### RECORDS TO USE
=== Begin Enclosure ===
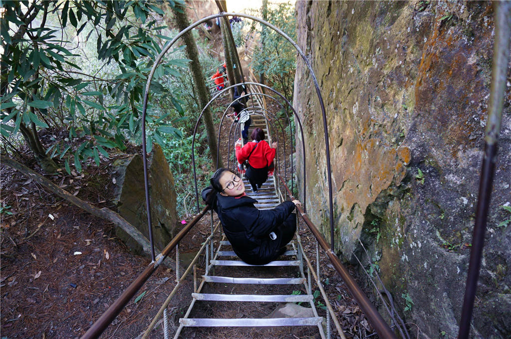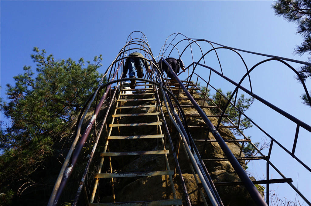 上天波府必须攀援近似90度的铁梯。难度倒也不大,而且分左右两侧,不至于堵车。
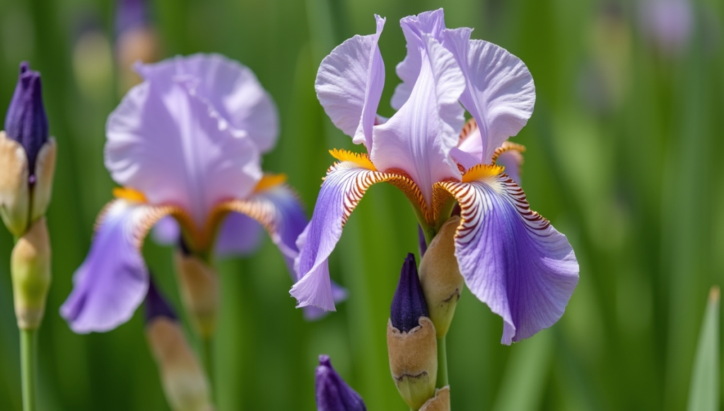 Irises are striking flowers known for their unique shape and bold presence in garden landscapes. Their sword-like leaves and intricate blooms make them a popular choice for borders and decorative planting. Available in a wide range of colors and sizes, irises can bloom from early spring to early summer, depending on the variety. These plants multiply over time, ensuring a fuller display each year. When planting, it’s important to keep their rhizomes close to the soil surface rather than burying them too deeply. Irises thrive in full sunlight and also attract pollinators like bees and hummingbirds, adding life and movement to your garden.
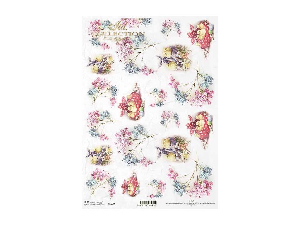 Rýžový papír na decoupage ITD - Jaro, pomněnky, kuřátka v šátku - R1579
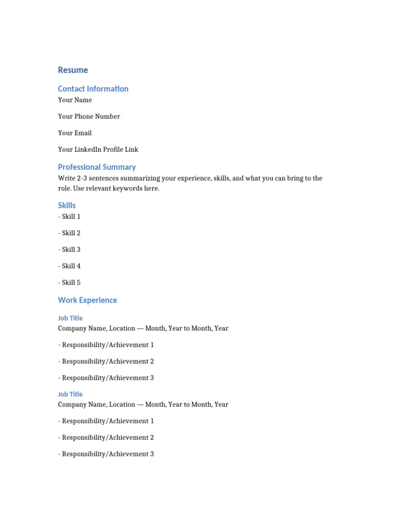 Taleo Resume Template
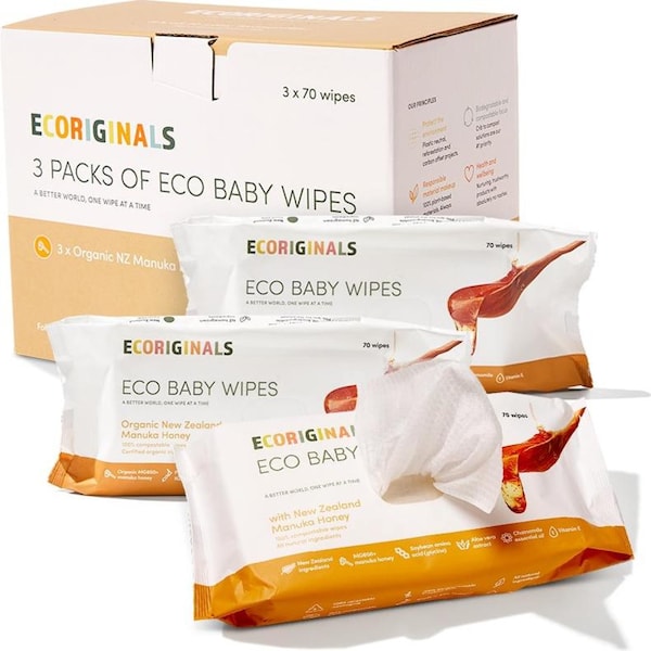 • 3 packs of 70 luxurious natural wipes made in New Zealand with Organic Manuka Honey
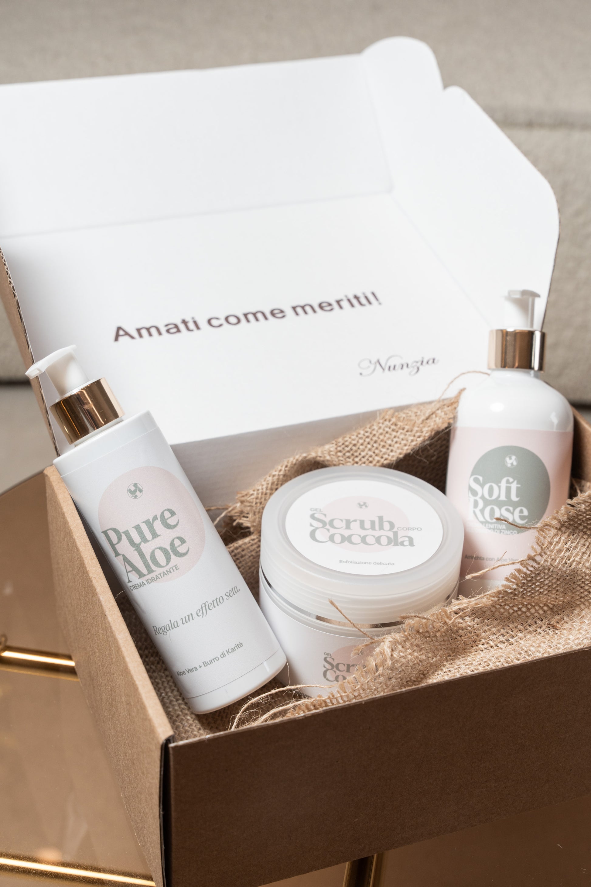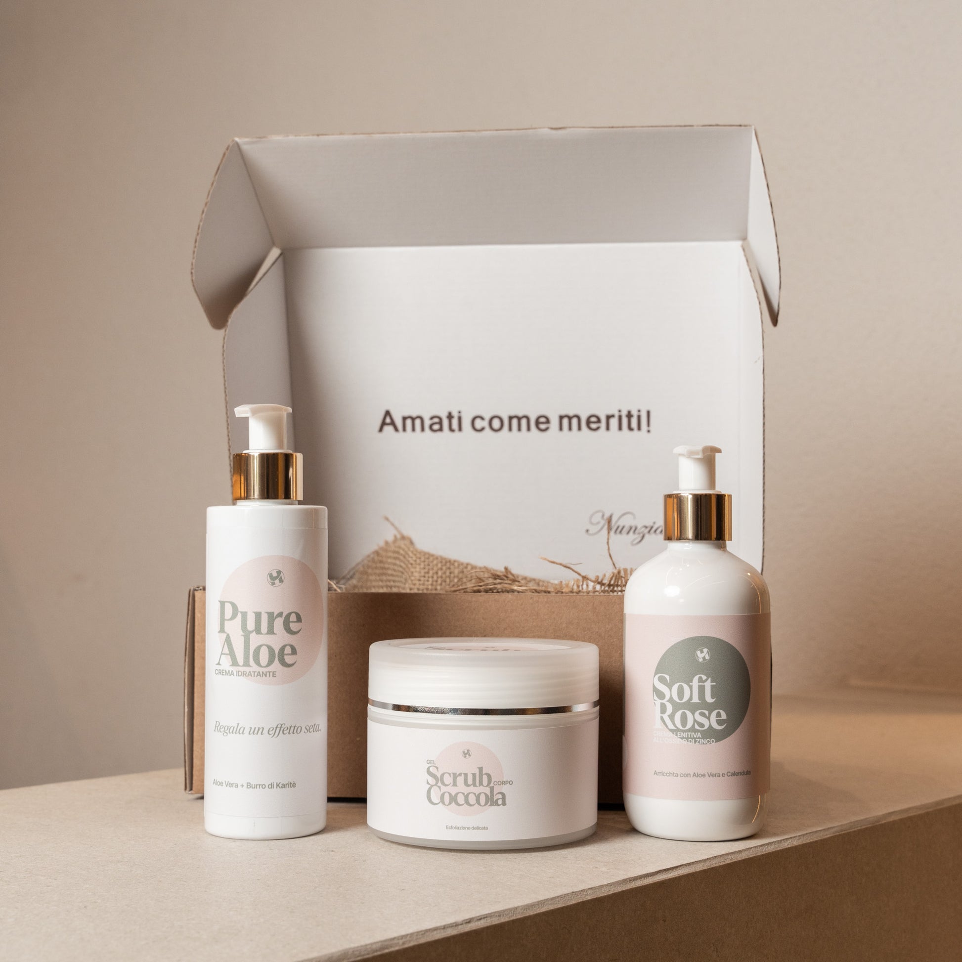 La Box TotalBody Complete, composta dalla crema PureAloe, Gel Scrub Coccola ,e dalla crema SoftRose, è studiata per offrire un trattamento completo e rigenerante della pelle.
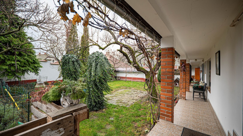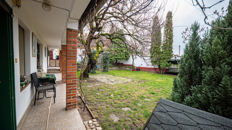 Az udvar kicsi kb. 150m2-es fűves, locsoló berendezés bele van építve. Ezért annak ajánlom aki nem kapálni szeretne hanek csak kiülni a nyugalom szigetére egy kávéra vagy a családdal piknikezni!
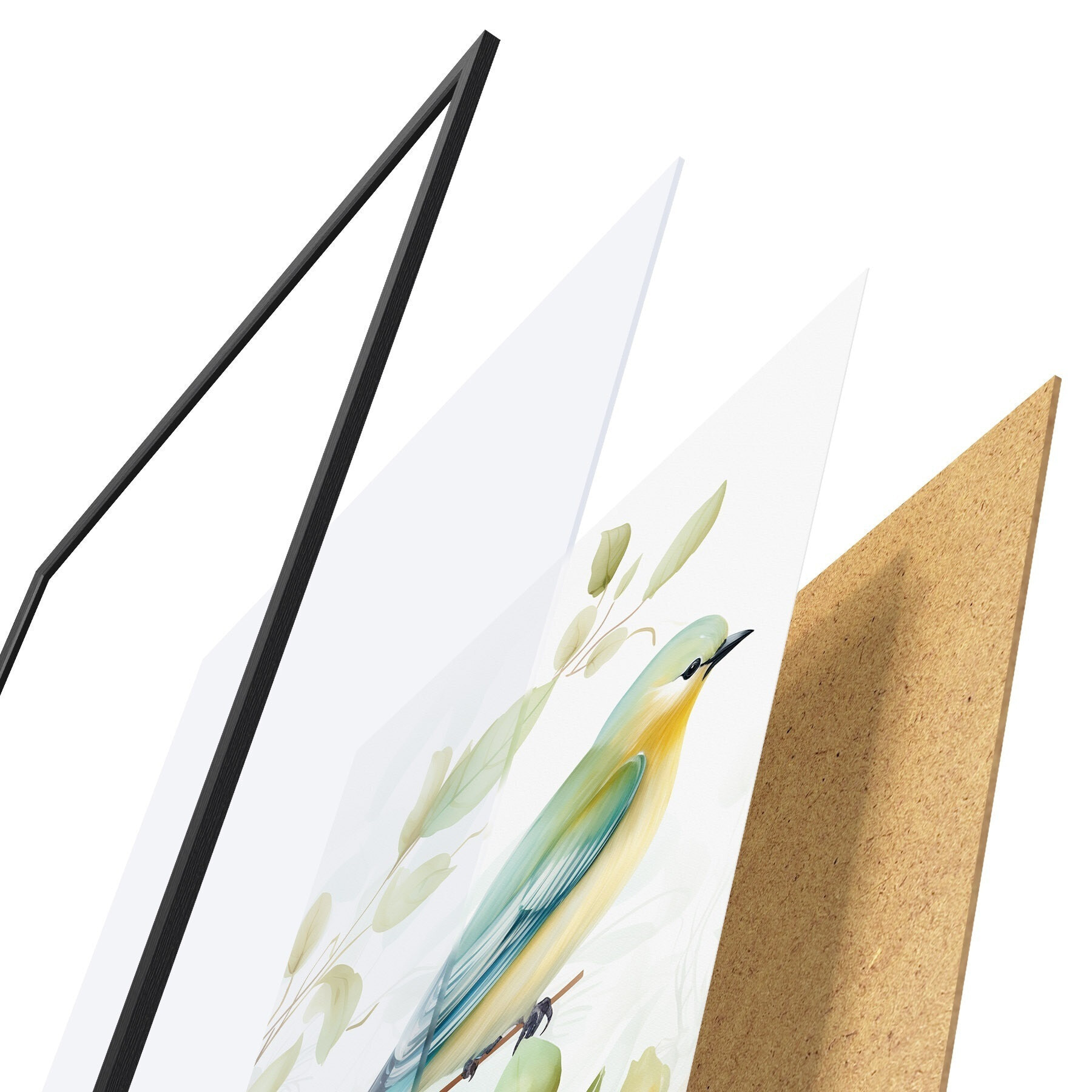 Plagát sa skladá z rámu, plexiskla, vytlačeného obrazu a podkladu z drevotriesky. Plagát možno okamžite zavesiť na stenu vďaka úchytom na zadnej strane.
=== End Enclosure ===
### REQUIRED WORK
Your reply should consist solely of the lines from the one containing "Az udvar kicsi" through the last line of the material, reproduced exactly and without pictures.

### RESULT FOR THIS TASK
 Az udvar kicsi kb. 150m2-es fűves, locsoló berendezés bele van építve. Ezért annak ajánlom aki nem kapálni szeretne hanek csak kiülni a nyugalom szigetére egy kávéra vagy a családdal piknikezni!
 Plagát sa skladá z rámu, plexiskla, vytlačeného obrazu a podkladu z drevotriesky. Plagát možno okamžite zavesiť na stenu vďaka úchytom na zadnej strane.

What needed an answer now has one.